▶ **Dataset extract**:
****************************************
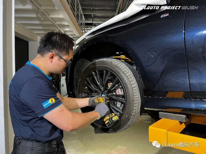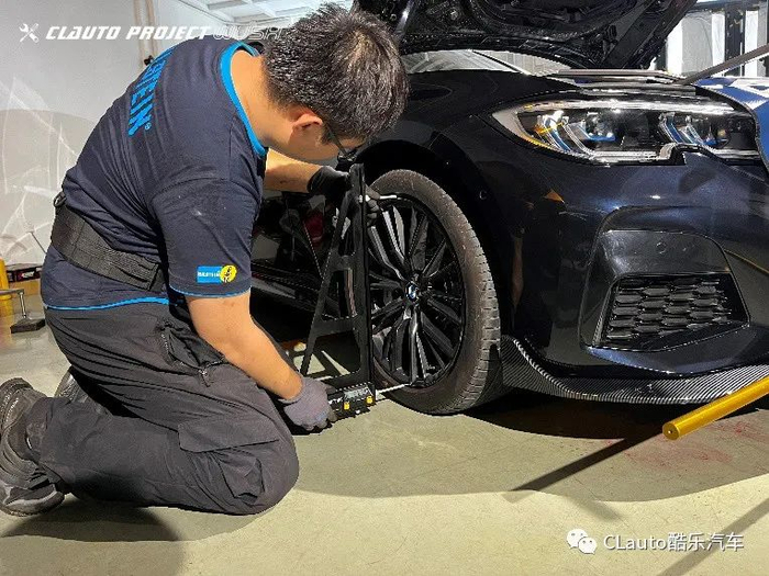 由于Bilstein B6是原车原位微升级减震器,更换减震器后车身高度没有变化,减震器安装完毕后便是做基础的四轮定位。
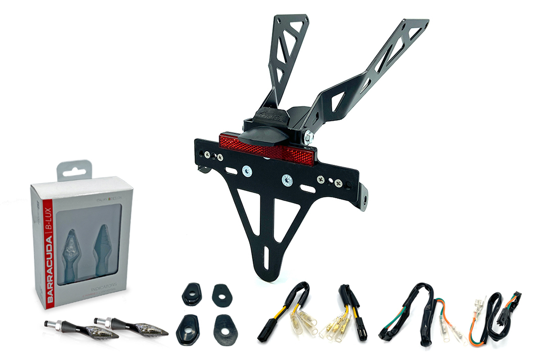 Der im Kit enthaltene kurze Kennzeichenhalter überzeugt durch modernes, sportliches Design und hohe Funktionalität. Dank der präzisen Fertigung aus Edelstahl und Aluminium bietet er eine langlebige und stabile Lösung. Die Oberfläche ist durch schwarze kathodische Tauchlackierung bzw. schwarze Eloxalschicht edel veredelt. Der Winkel des Kennzeichens lässt sich stufenlos einstellen, und sämtliche Montageteile inklusive Blinkerhalter mit M8-Gewinde sind im Set enthalten.
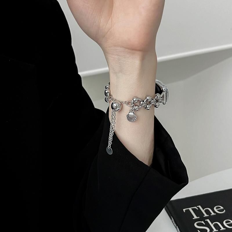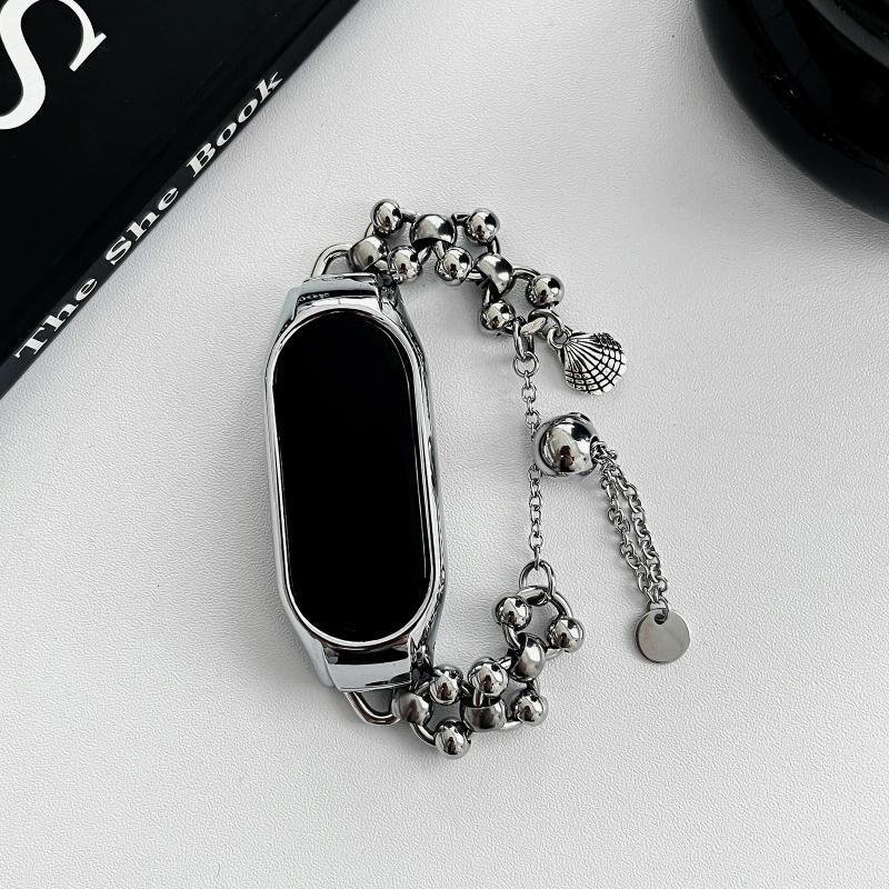 Για Xiaomi Mi Band 8 Βραχιόλι με χάντρες Μεταλλικό λουράκι ρολογιού (Ασημί+Διπλή χάντρα)
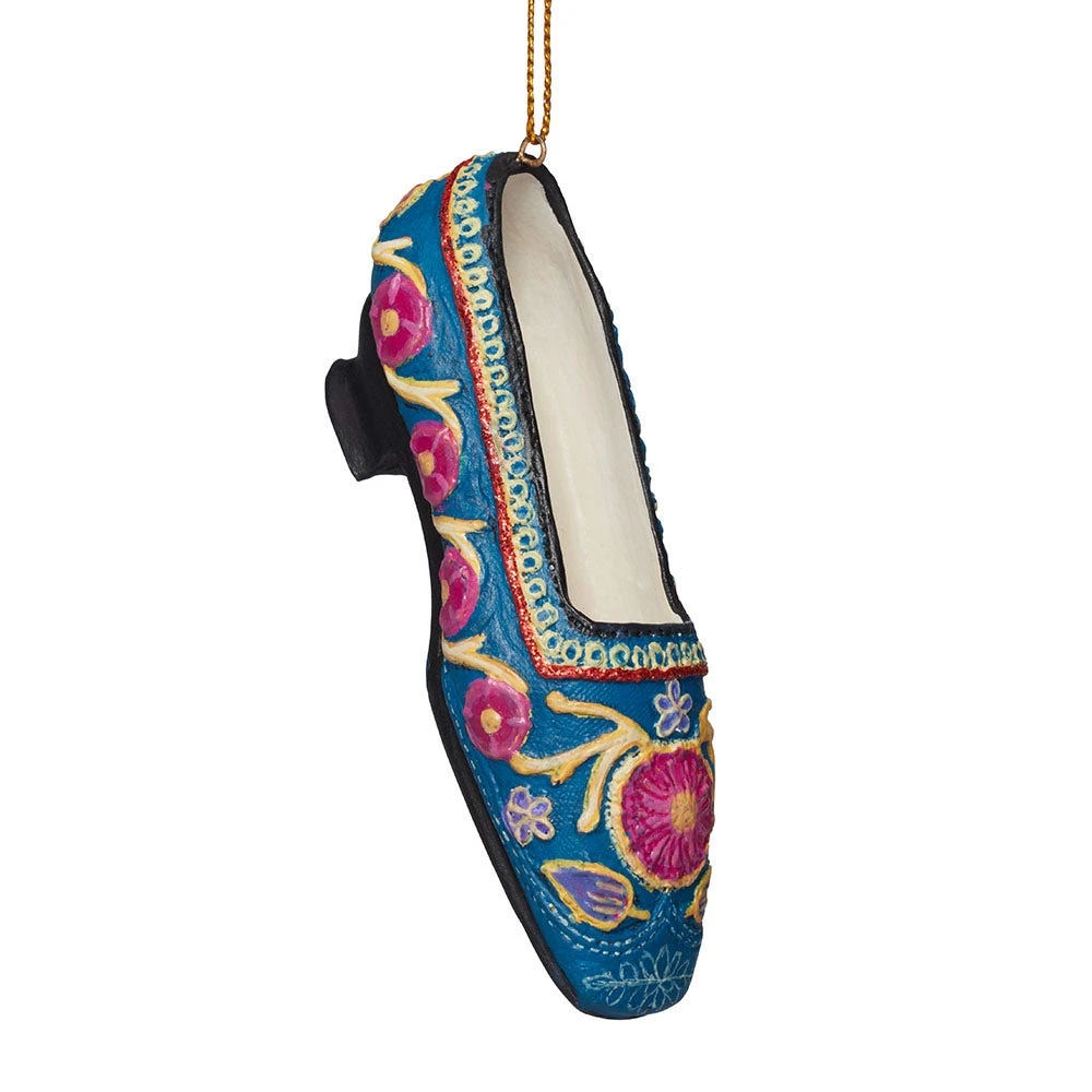 These miniature collectible shoe ornaments express the elegance and flair of actual shoes in the holdings of The Costume Institute at The Met. This year, our set of seven shoe ornaments includes the Red Bloom Pump Shoe Ornament (1958), the Yellow Flower Shoe Ornament (ca. 1966), the Embroidered Slipper Shoe Ornament (mid-19th century), the Italian Floral Pump Shoe Ornament (ca. 1955), the Mixed Flora Platform Sandal Shoe Ornament (1971), the Embroidered Mule Shoe Ornament (ca. 1927), and the Striped Evening Slipper Shoe Ornament (1860–70). Hang them on your tree, or decorate your space with them year-round.
****************************************
▶ **Work request**: From the material above, copy everything exactly but the pictures.

▶ **Response box**:
 由于Bilstein B6是原车原位微升级减震器,更换减震器后车身高度没有变化,减震器安装完毕后便是做基础的四轮定位。
 Der im Kit enthaltene kurze Kennzeichenhalter überzeugt durch modernes, sportliches Design und hohe Funktionalität. Dank der präzisen Fertigung aus Edelstahl und Aluminium bietet er eine langlebige und stabile Lösung. Die Oberfläche ist durch schwarze kathodische Tauchlackierung bzw. schwarze Eloxalschicht edel veredelt. Der Winkel des Kennzeichens lässt sich stufenlos einstellen, und sämtliche Montageteile inklusive Blinkerhalter mit M8-Gewinde sind im Set enthalten.
 Για Xiaomi Mi Band 8 Βραχιόλι με χάντρες Μεταλλικό λουράκι ρολογιού (Ασημί+Διπλή χάντρα)
 These miniature collectible shoe ornaments express the elegance and flair of actual shoes in the holdings of The Costume Institute at The Met. This year, our set of seven shoe ornaments includes the Red Bloom Pump Shoe Ornament (1958), the Yellow Flower Shoe Ornament (ca. 1966), the Embroidered Slipper Shoe Ornament (mid-19th century), the Italian Floral Pump Shoe Ornament (ca. 1955), the Mixed Flora Platform Sandal Shoe Ornament (1971), the Embroidered Mule Shoe Ornament (ca. 1927), and the Striped Evening Slipper Shoe Ornament (1860–70). Hang them on your tree, or decorate your space with them year-round.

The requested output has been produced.